A mind-boggling stellar explosion is baffling astronomers, who say this cosmic beast is so immensely powerful that no one's sure exactly what made it go boom.
The recently discovered inferno is about 200 times more powerful than a typical exploding star, or supernova, and 570 billion times brighter than our sun. It was first spotted in June by the All-Sky Automated Survey for Supernovae, nicknamed the "Assassin" project, so it's called ASASSN-15lh.
Astronomers describe their finding in a study published Thursday in the journal Science.
Even though it's the brightest supernova on record — if indeed it is a supernova — it can't be seen with the naked eye from Earth, since it is 3.8 billion light-years away.
Even telescopes don't help much. "It looks like a little smudge," says Subo Dong, an astronomer at the Kavli Institute for Astronomy and Astrophysics at Peking University. "This is because it's so far away. It doesn't look so spectacular."
And if you could get into a spaceship and fly closer, you wouldn't want to, says astronomer Ben Shappee, at the Carnegie Observatories.

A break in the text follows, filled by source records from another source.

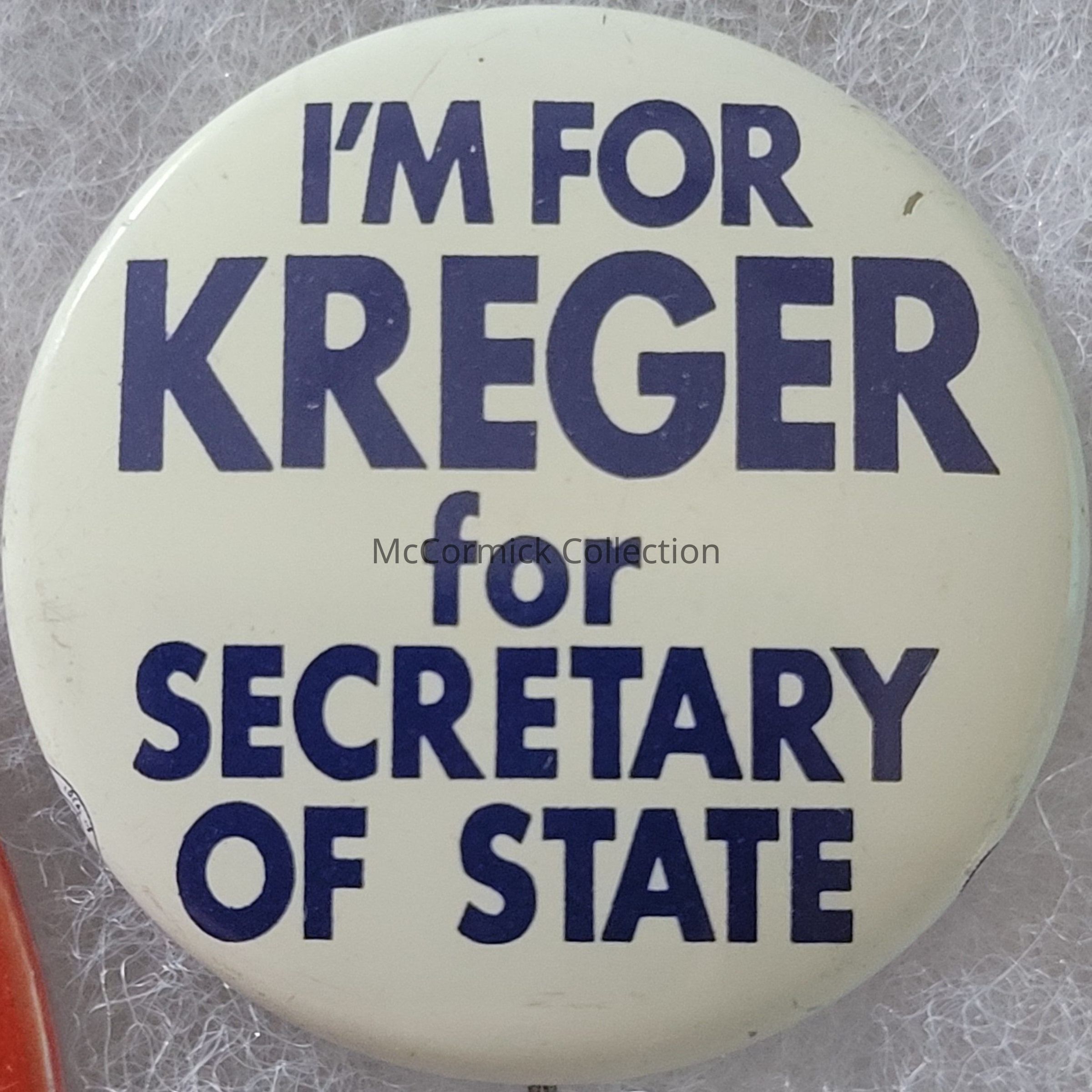 A 1.5" blue and white political button for William E. Kreger for Secretary of State, 1960.
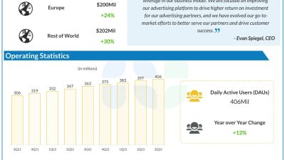 Snap Inc. (NYSE: SNAP) reported revenues of $1.18 billion for the third quarter of 2023, which was up 5% year-over-year. Net loss was $368 million,…
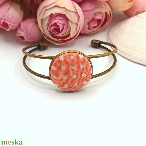 Antik bronz karkötő – barack, fehér pöttyös textillel
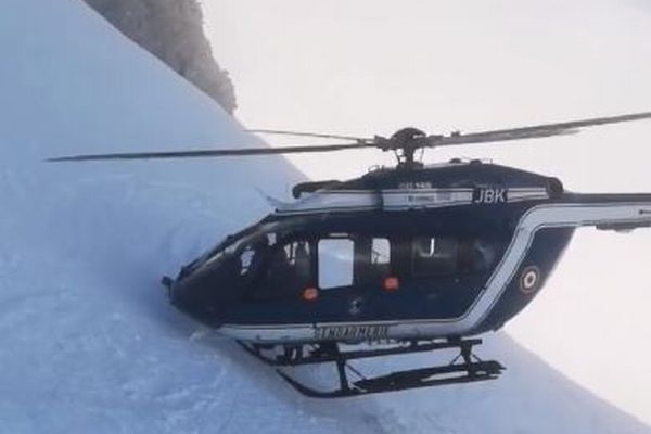 山の斜面にEC145のノーズを突っ込んでヘリを固定して遭難者を救助しています。
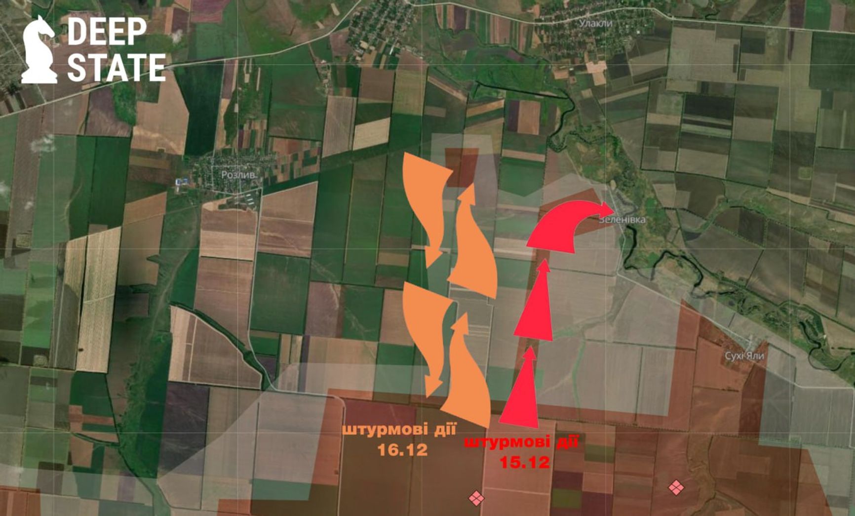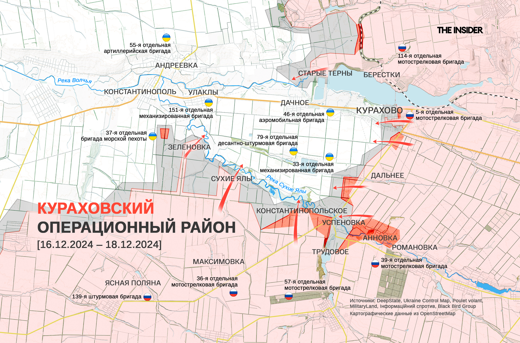 В Кураховском операционном районе DeepState признает захват российскими войсками Сонцовки (до 2016 года — Красное) и продвижение около Берестков на северном берегу Кураховского водохранилища, а также рядом с Зеленовкой и в самом Курахове. Аналитики DeepState отдельно рассказывают об усложнении обстановки около Зеленовки. По их данным, 15 и 16 декабря 2024 года механизированные колонны ВС РФ почти беспрепятственно добирались до поселка и высаживали там группы пехоты.
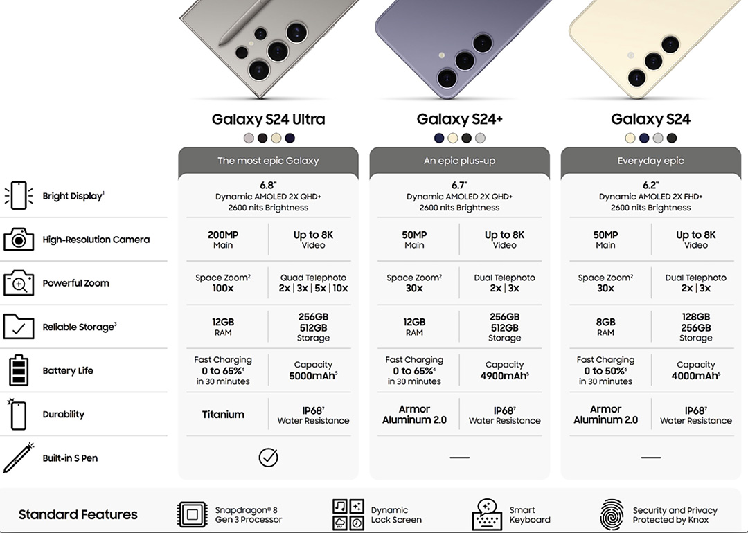 갤럭시 S24 시리즈의 공식 컬러가 유출되며 스펙도 유출되어 아래 이미지를 보면 차이점을 알 수 있습니다.
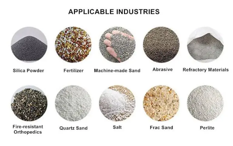 - Chemical: resin sand, pigment, washing powder, micro powder, paint, soda ash, lemon powder, rubber, and plastics.

That's because this monster puts out a lot of ultraviolet radiation, so if you actually got close enough to get a good look, "you would be dead right away," he points out.
Initially, the scientists didn't realize just how bright this beast was.
"We knew it was probably a supernova, but we didn't know at that time how interesting or how important it is," Dong recalls.
But soon, more observations from a different telescope made him realize "it was the most luminous supernova yet discovered." Dong says he was so excited when he got the news by email one night at 2 a.m., he couldn't go back to sleep at all.
Supernovas have captured the imaginations of sky watchers since ancient times. The first one was observed nearly 2,000 years ago. What's more, you wouldn't be here without them, because almost everything in your life is made up of the remnants of these violent stellar deaths.
"If you look around here on Earth, anything that's not hydrogen or helium was actually made inside of a star," explains Shappee. "It actually has to go through a supernova explosion to be distributed across the galaxy."
This new one is more than twice as bright as the previous record holder. What's powering it?
"Honestly, the answer is, 'We don't know,' " says Dong.
Astronomers will continue to watch it in the coming months with all kinds of telescopes, including the Hubble Space Telescope. Shappee says he is not sad that this explosion has already peaked and will slowly fade.
"We get more and more information — you see basically deeper and deeper into the supernova the longer you observe it," he says. "How it changes with time can give us additional information."
Edo Berger, an astronomer at Harvard University, says this find is exciting because "it's often, I think, the most extreme events that teach us the most about the range of possibilities that the universe comes up with, especially when it comes to exploding objects."
Most supernovas are the result of some sort of exploding star, says Berger. Superluminous supernovas are at least 10 times brighter than more garden-variety ones, and they're rare. Scientists know only of about 30 of these more powerful explosions, and while they have theories about what drives them, ASASSN-15lh is so extreme that current models can't explain it.
"The event itself seems to be coming from the center of the galaxy," says Berger. "And so I think that raises the possibility that it could be related to the supermassive black hole that resides in the center of a galaxy like that. And perhaps it is due to a very different mechanism than the explosion of a star." Perhaps a star got too close to the black hole, which is now ripping it to shreds.
"It's a story that continues to evolve. It will be interesting to see where we are a year from now," says Berger. "We might have a completely different version or story of what we think this object is."
Still, while this explosion is awesome, Berger says it's not the biggest bang astronomers have seen. Gamma ray bursts, for example, are much more energetic and luminous.